To stop the tests from running when the project loads, edit the project load file, load_project.pl (in the project rood directory).
The arity of an iterm may range from 0 to whatever is the effective limit of your hardware. Accordingly, the valid range of indices of an iterm, is an enumeration of the arguments of the iterm, which informs the choice of iterm starting indices: the first index of an iterm is either 1, for an iterm with at least one argument, or 0, for an iterm with 0 arguments.

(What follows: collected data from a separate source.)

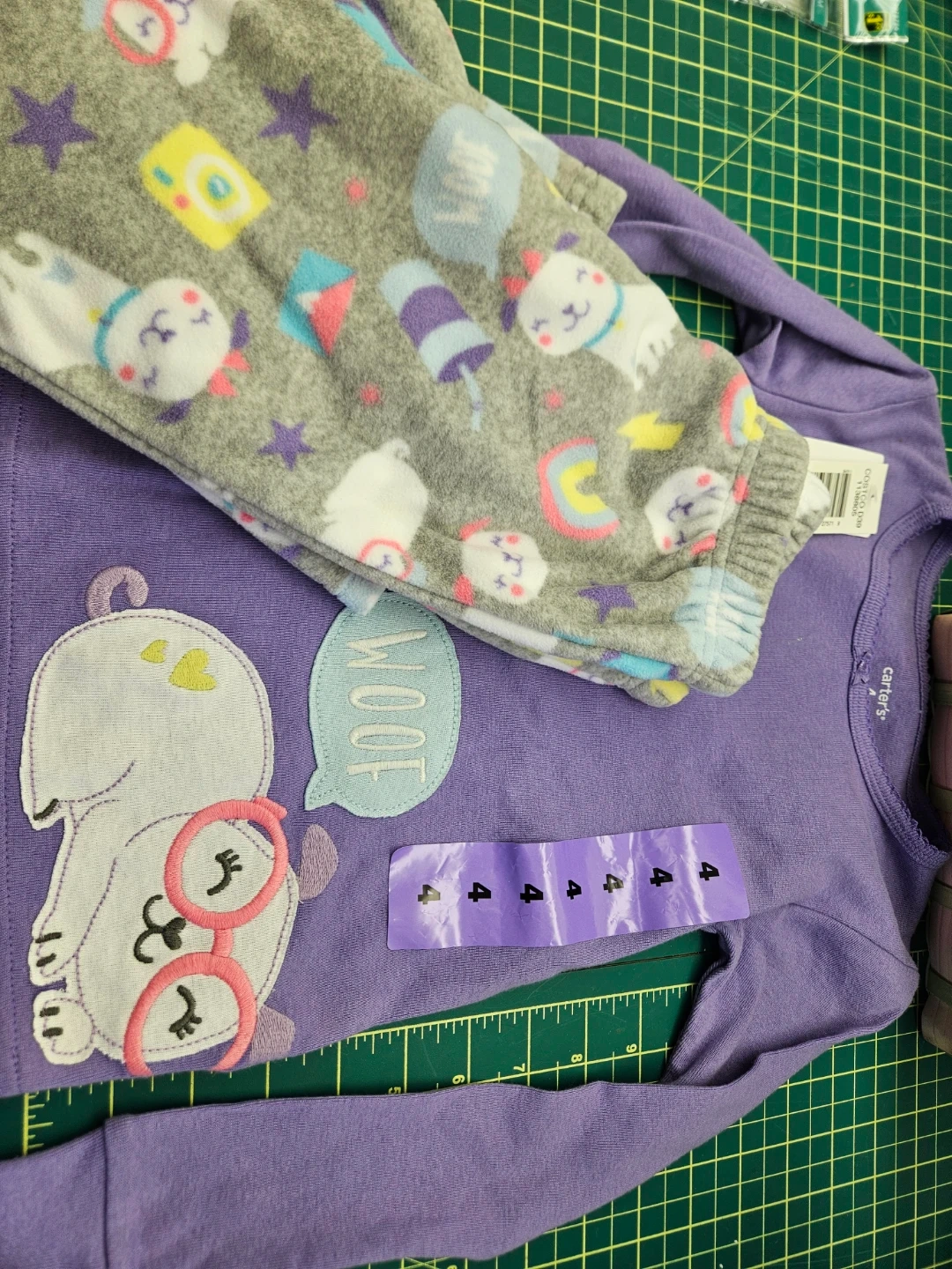 Carter's purple long sleeve shirt featuring a cute dog graphic. It comes with grey pants adorned with various playful characters. Size is 4.
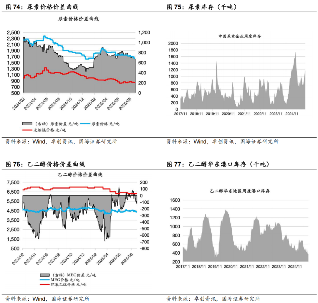 据百川盈孚,2025年9月19日乙二醇价格为4387元/吨,环比9月12日下降13元/吨。据卓创资讯,2025年9月19日尿素小颗粒价格为1680元/吨,环比9月12日下降10元/吨。
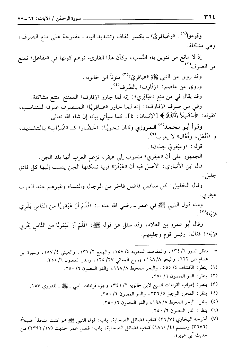 وفي من صرف «رَفارف» : إنه لما جاور «عباقِريًّا» المنصرف صرفه للتناسب، كقوله: {سَلاَسِلاَ وَأَغْلاَلاً} [الإنسان: 4] . كما سيأتي بيانه إن شاء الله تعالى.
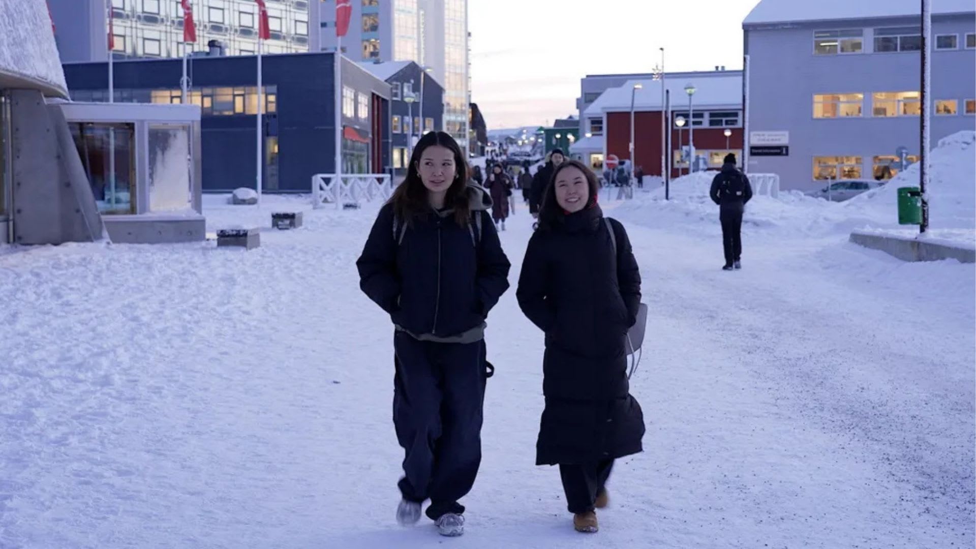 格陵兰民众在首都努克行走。(图:英国广播公司)
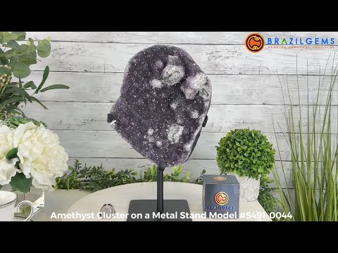 Brazil Gems® brings you this Extra Quality Natural Uruguayan Amethyst Cluster on a black metal base. This gemstone has sparkling and nicely shaped amethyst points with lovely agate bands surrounding.
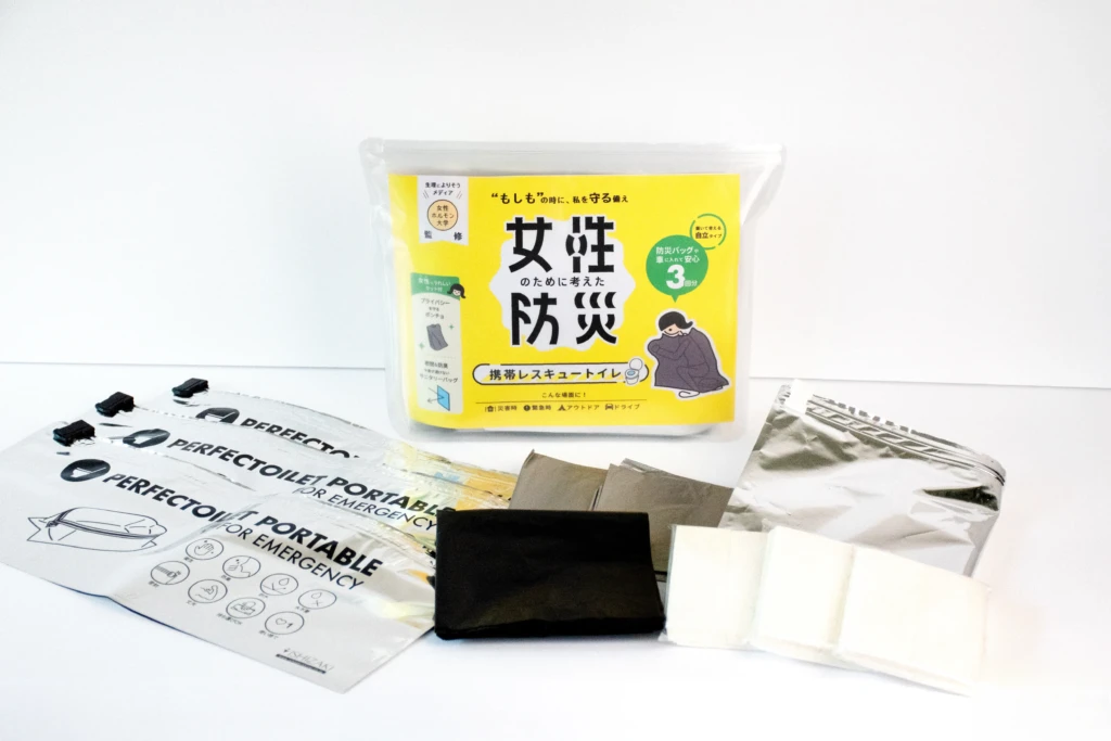 さらにこのコーナーに、私たち女性ホルモン大学が監修した「女性のための防災 携帯レスキュートイレ」も展示されます!
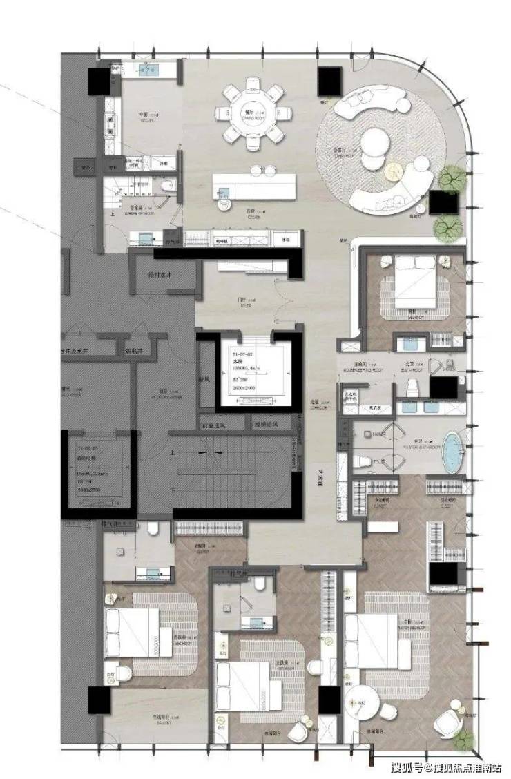 从高档材料的运用到开放式的空间布局,全屋奢石通铺,入户门厅匹配的是纹理低调的超白洞石搭配定制尺寸卡门,一眼看去,安全感满满。进门后,意大利进口石材全屋通铺,每一处地砖流水型纹路都能对应,需要提前至少2年预定的梅西同款进口芬迪白石材被用作电视背景墙,阔绰感不言而喻。
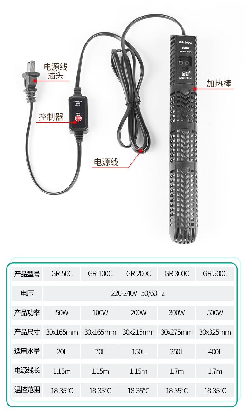 어항 히팅로드 레드 앵무새 석영 유리 디지털 디스플레이 거북이 수족관 자동 온도 조절기 GR 시리즈
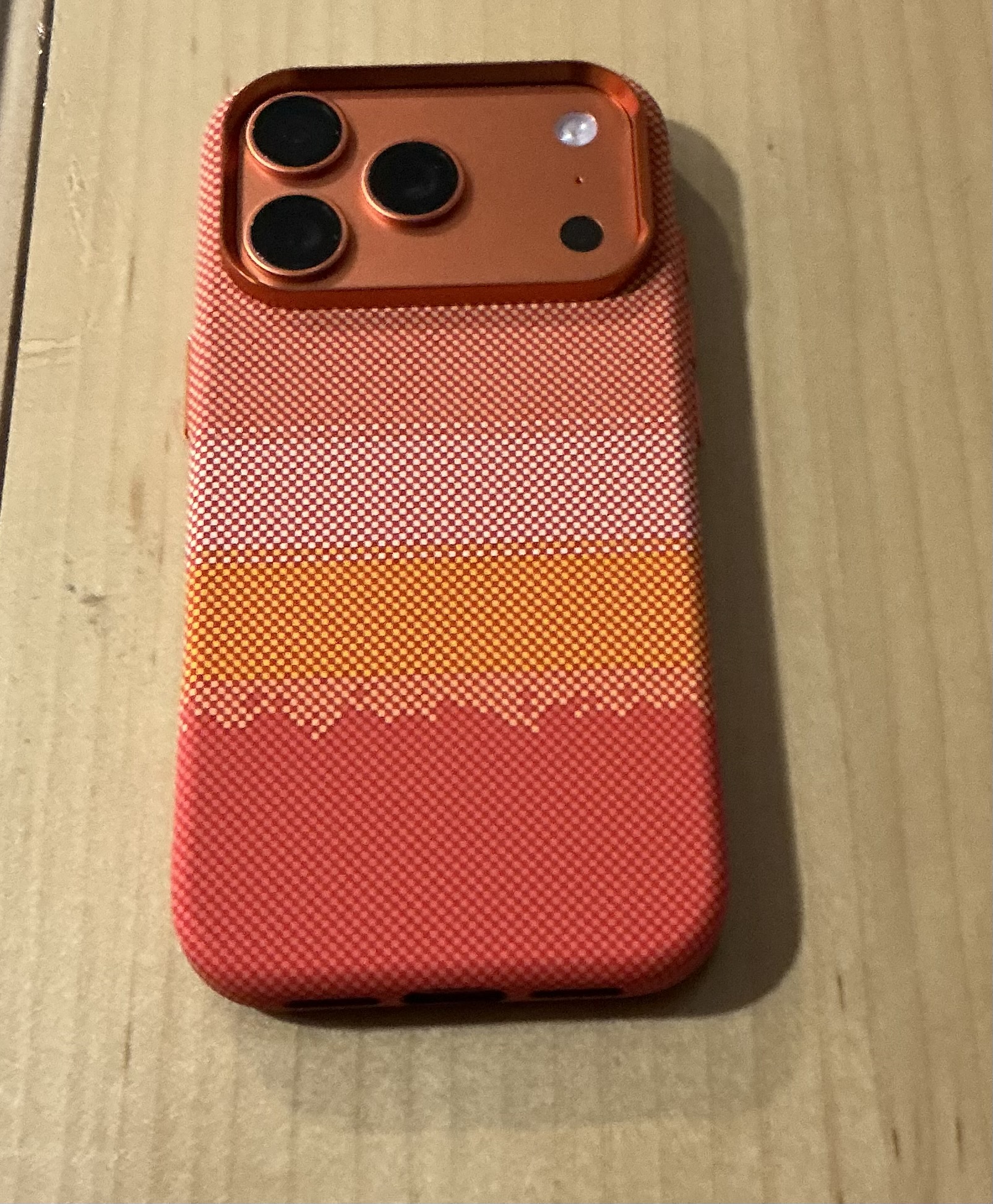 Anyhow.. it's this one: Orange Metal Lens Frame Carbon Fiber Pattern Phone Case For iPhone 17 Pro Magnetic Wireless Charging Protect Cover *Mine is Color "E"

In other words, for an iterm of arity a, with starting index i:
/ 1 if a > 0 i = < \ 0 if a = 0
Additionally, predicates in this module allow negative indices to be used to access iterm arguments in descending order. For example, an iterm of arity 3 may be accessed with any of the indices in {-3,-2,-1,1,2,3}, where -3 and 1 would both access the first argument of the iterm. Refer to the documentation of iterm_index/3 for a more detailed discussion of positive and negative iterm indices.
The choice of variable starting indices, may appear a little peculiar - in most languages the indices of random-access data structures either start at 0, or 1 (though a few, like Ada and Fortran allow the user to specify their own range, which this module doesn't). When in doubt, iterm_index/3 may be used to clarify any misunderstandings about the valid range of iterms' indices.
Predicates in this module fall into two broad types: on the one hand, predicates for creating, indexing and accessing iterms, and on the other, predicates for selecting ranges of arguments of iterms between two indices.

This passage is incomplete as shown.